我们不妨还原一下事发时的救援环境,就会明白这场纵身一跃,背后藏着多少不可控的致命风险。石津总干渠正处于春灌期,渠道满负荷放水,水流速度远超普通河流,水深最深达到五六米,相当于两层楼的高度;更致命的是,渠道的护坡是硬化的水泥面,长期被水浸泡长满了青苔,湿滑到根本没有任何可以抓握、攀爬的着力点。
这不是我们熟悉的风平浪静的游泳池,不是岸边有抓手、有救生员的可控水域,这是一条奔腾的、没有任何借力点的“水上高速路”。人一旦跳下去,瞬间就会被湍急的水流裹挟着冲向下游,哪怕你有再好的水性,再强的体能,在持续的水流冲击里,根本无法稳住身体,更别说带着一个失去意识的落水者,爬上光滑到无处下手的护坡。
这就是我们必须正视的现实:个人的体能与技能,在极端的水文环境面前,永远有无法突破的边界。而科学施救的第一步,恰恰就是先认清这个边界,先对现场环境做出最快速、最缜密的研判——我面对的是什么样的险境?这里的水流、水深、周边环境,有哪些致命的风险?这些风险,是不是我个人的能力可以对抗的?

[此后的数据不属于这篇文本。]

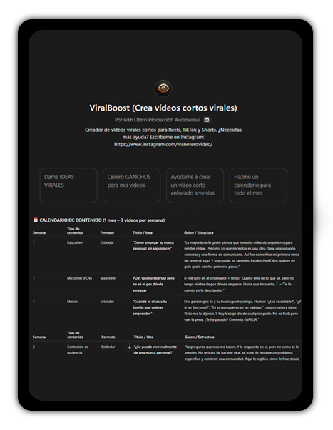 La plantilla más completa para tener tus borradores, guiones y calendario completo de contenidos en un solo lugar.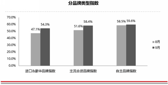 从分品牌类型指数看: 9月进口&豪华品牌指数、合资品牌指数、自主品牌指数较上月上升。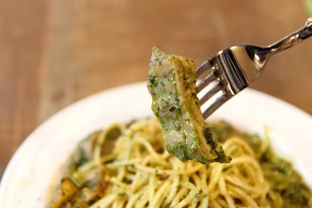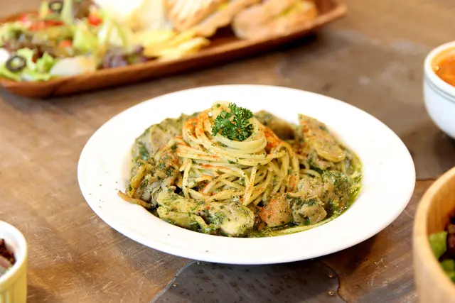 草泥Cafe自製的青醬相當濃郁,有著鮮甜滋味,雞腿肉質軟嫩,份量給得蠻大方的,

我们长久以来的见义勇为叙事,太过于推崇“奋不顾身”的孤勇,太过于歌颂“不计后果”的牺牲,却很少告诉大众:真正的救人,从来不是靠脑子一热的冲动,而是像打一场仗一样,要做全流程的研判与准备,绝对不能打无把握之仗。
一场有把握的救援,从来不是以“跳下去”为起点,而是以“风险评估”为第一要务。它需要你在几秒钟之内,完成一套完整的判断闭环:首先是环境研判,看清现场的风险点,判断水域的危险程度,明确哪些是不可控的因素;其次是自我评估,我有没有受过专业的溺水救援训练?有没有应对激流、复杂水域的经验?我的体能,能不能支撑我完成救人、自救、返回的全流程?最后是方案研判,现场有没有可以利用的救援工具?竹竿、绳子、救生圈,哪怕是路边的共享单车、捆在一起的空矿泉水瓶,这些工具能让你站在安全的岸边,就完成救援,远比赤手空拳跳下去要可靠百倍;有没有可以配合的人?有没有第一时间拨打110、119,呼叫有专业设备、专业训练的救援队伍?
太多人对见义勇为有一个致命的误区:觉得不跳下去,就是冷漠,就是懦夫,就是见死不救。可现实恰恰相反,当你没有能力、没有预案、没有应对风险的准备时,盲目的纵身一跃,从来都不是在救人,而是在给原本就危急的局面,增添更沉重的负担。原本,专业救援队伍只需要搜救一名落水者,最后变成了要搜救四个人;原本,只需要一个家庭承受失去亲人的痛苦,最后变成了四个家庭陷入永无止境的黑暗。
这不是我们想要的见义勇为,更不是落水者想要的结果。见义勇为的核心,从来都不是“勇”的形式,而是“义”的结果——是把人救上来,是让更多的人活着,而不是让更多的人付出生命的代价。站在岸边用绳子把人拉上来的人,是英雄;第一时间报警、精准引导救援队伍锁定落水位置的人,是英雄;发动身边的人找工具、搭人链,用最安全的方式把人救上来的人,同样是英雄。英雄的定义,从来不是“你有没有跳下水里”,而是“你有没有为了守护生命,拼尽全力用最有效的方式,守住了生的希望”。
我们更不能回避的,是每一个挺身而出的人,身上都扛着对家庭的责任。他们不是孤立的、符号化的“英雄”,他们是父亲,是儿子,是丈夫,是一个家庭的顶梁柱。徐闯走了,留下两个还不会喊爸爸的孩子,留下一个独自守着烤鱼店、要把两个孩子拉扯大的妻子,这个家的天,一夜之间就塌了;20岁的赵天源走了,留下他的父母,在本该安享晚年的年纪,承受白发人送黑发人的锥心之痛;那位辅警走了,留下他的家人,一辈子都活在思念与遗憾里。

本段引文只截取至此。